«Je vis avec l'espoir, la Grèce dispose d'une voix nouvelle, ça fait du bien à notre dignité» : Aleka Triantafyllou, retraitée, s'est jointe aux milliers de manifestants rassemblés mercredi à Athènes et dans toute la Grèce au moment où s'engageaient d'âpres négociations entre leur pays et la zone euro.

Plus de 20 000 personnes - au moins 15 000 à Athènes et 5000 à Thessalonique selon la police - ont répondu au mot d'ordre «Un souffle de dignité», relayé depuis plusieurs jours sur les réseaux sociaux à l'origine du mouvement.

Ce cri de ralliement était décliné en de nombreux slogans sur la place du Parlement de la capitale grecque : «Stop à l'austérité», «aucun pas en arrière», «Donnez une chance à la Grèce», «respect», proclamaient les banderoles.

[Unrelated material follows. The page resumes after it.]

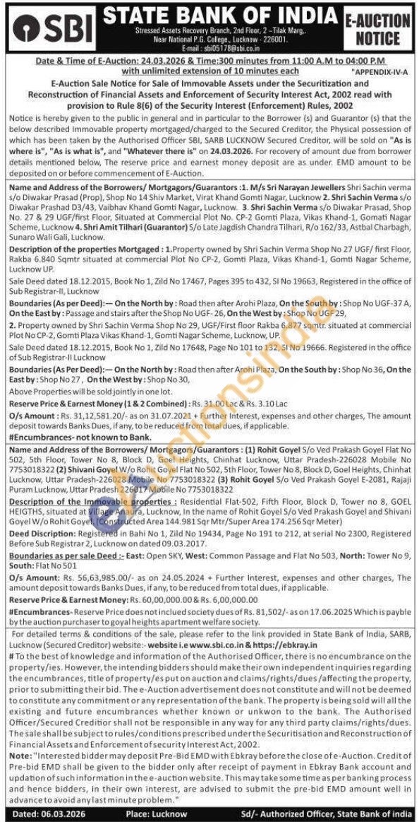 Property owned by Shri Sachin Verma Shop No 29, UGF/First floor Rakba 6.877 sqmtr. situated at commercial Plot No CP-2, Gomti Plaza Vikas Khand-1, Gomti Nagar Scheme, Lucknow, UP. Sale Deed dated 18.12.2015, Book No 1, Zild No 17648, Page No 101 to 132, SI No 19666. Registered in the office of Sub Registrar-II Lucknow

Parmi les manifestants, Stefania Hatziandreou, une quinquagénaire qui a voté pour la gauche Syriza portée au pouvoir fin janvier, appelait «tous les Grecs à être aujourd'hui ici pour faire pression sur l'Europe. Je crois qu'il y aura une solution, nous sommes tous pour l'Europe, mais il ne faut pas qu'elle exerce une telle pression».

C'est la première manifestation de Thanassis Goumasis, 48 ans, sur cette place qui fut le théâtre de rassemblements géants au pic de la crise : «nous sommes là pour soutenir le gouvernement dans les négociations, je n'ai pas voté Syriza. C'est l'heure de rétablir la justice», expliquait ce retraité de l'armée.

Plus de sept Grecs sur dix, selon deux sondages publiés mardi, jugent positifs les premiers pas du nouveau gouvernement d'Alexis Tsipras qui souhaite tourner la page de l'austérité tout en cherchant avec la zone euro «un accord». Celui-ci s'annonce compliqué à trouver tant les antagonismes sont forts entre Athènes et ses créanciers UE, BCE, FMI, qui ont commencé à négocier mercredi soir à Bruxelles.

Au milieu d'une foule de tous âges qui a bravé le froid d'une exceptionnelle journée neigeuse à Athènes, Dimitris Dagakos, un ingénieur se dit prêt «à se battre aux côtés du gouvernement qui ose négocier sur un pied d'égalité avec les partenaires européens, sans se soumettre à la troïka», cet attelage de représentants de l'UE et du FMI qui supervise depuis 2010 l'économie grecque et cristallise la rancoeur populaire.

Un thème repris par de nombreuses pancartes, au milieu des drapeaux grecs : «Nous ne sommes pas une colonie de Merkel», affirmait ainsi l'une d'elles en allemand.

Négocier avec «10 millions de Grecs»

D'autres privilégiaient plutôt l'appel à l'unité, telle une grande banderole, «Peuples européens ensemble!». Des rassemblements étaient également prévus dans plusieurs villes européennes.

«Dans les villes de Grèce et d'Europe, le peuple se bat pour la négociation, c'est notre force», lançait d'ailleurs au même moment un message sur le compte d'Alexis Tsipras.

«L'Eurogroupe ne négocie pas seulement avec le gouvernement grec, mais avec dix millions de Grecs», a renchéri le porte-parole de l'exécutif Gabriel Sakellaridis.

Une délégation grecque comprenant le ministre des Finances Yanis Varoufakis et le vice-premier ministre Ioannis Dragasakis va présenter un plan de financement et de réforme alternatif à celui suivi par la Grèce depuis 2010 et rendu responsable d'un appauvrissement de la population même si les finances du pays se sont stabilisées. Jeudi se tient un sommet des chefs d'États et de gouvernement auquel participera M. Tsipras.

«C'est rassurant, au moins on voit nos dirigeants s'entretenir avec leurs homologues européens et non avec des employés des institutions européennes, comme la troïka», soulignait Aleka Triantafyllou, qui avait voté pour les socialistes par peur d'un «changement trop radical» avec Syriza.

Il s'agit de la deuxième manifestation en une semaine en faveur du gouvernement organisée via Facebook. Mercredi dernier, le jour où la BCE a décidé de priver les banques grecques d'un outil important de financement, environ 5000 Athéniens ont battu le pavé pour dire «non au chantage de la BCE». Une autre est prévue dimanche.